[[ Supplied information, beginning ]]
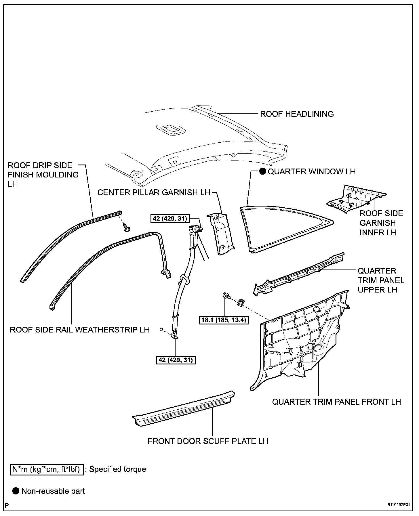 HINT: It is not necessary to completely remove the roof headlining. Slightly lower the rear section of the roof headlining so that the quarter window glass can be removed later in next step.
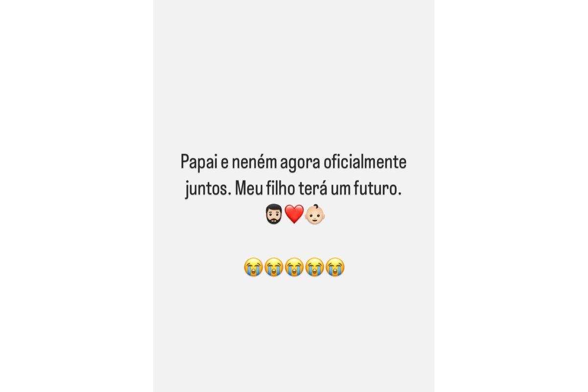 “Hoje é o dia mais feliz da minha vida. O dia que me libertei do cativeiro”, escreveu ele. Na sequência, ele completou: “Papai e neném agora oficialmente juntos. Meu filho terá um futuro”. Até então os pais do bebê estavam esperando uma decisão do juiz sobre o caso.
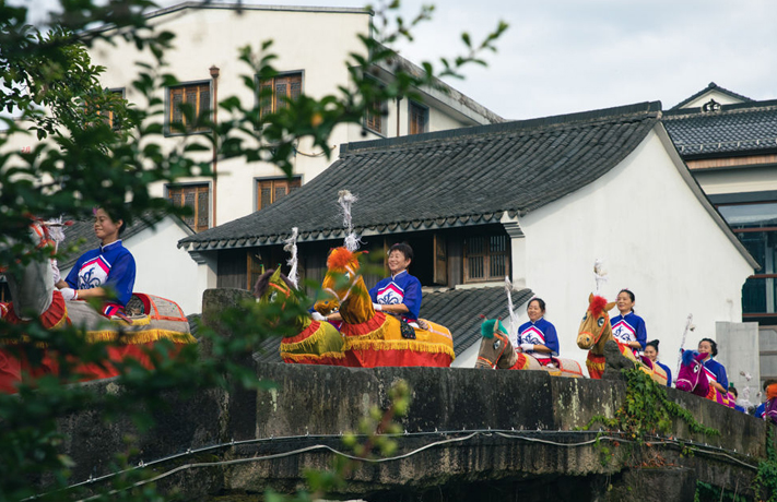 CICPHOTO高明 摄2022年7月14日,在浙江省湖州市德清县,舞阳街道上柏村马灯队进行马灯舞表演。
[[ Supplied information, end ]]
#### [Task description]
Transcribe the preceding listing in its entirety and with exact wording, leaving out pictures.

#### [Your response]
 HINT: It is not necessary to completely remove the roof headlining. Slightly lower the rear section of the roof headlining so that the quarter window glass can be removed later in next step.
 “Hoje é o dia mais feliz da minha vida. O dia que me libertei do cativeiro”, escreveu ele. Na sequência, ele completou: “Papai e neném agora oficialmente juntos. Meu filho terá um futuro”. Até então os pais do bebê estavam esperando uma decisão do juiz sobre o caso.
 CICPHOTO高明 摄2022年7月14日,在浙江省湖州市德清县,舞阳街道上柏村马灯队进行马灯舞表演。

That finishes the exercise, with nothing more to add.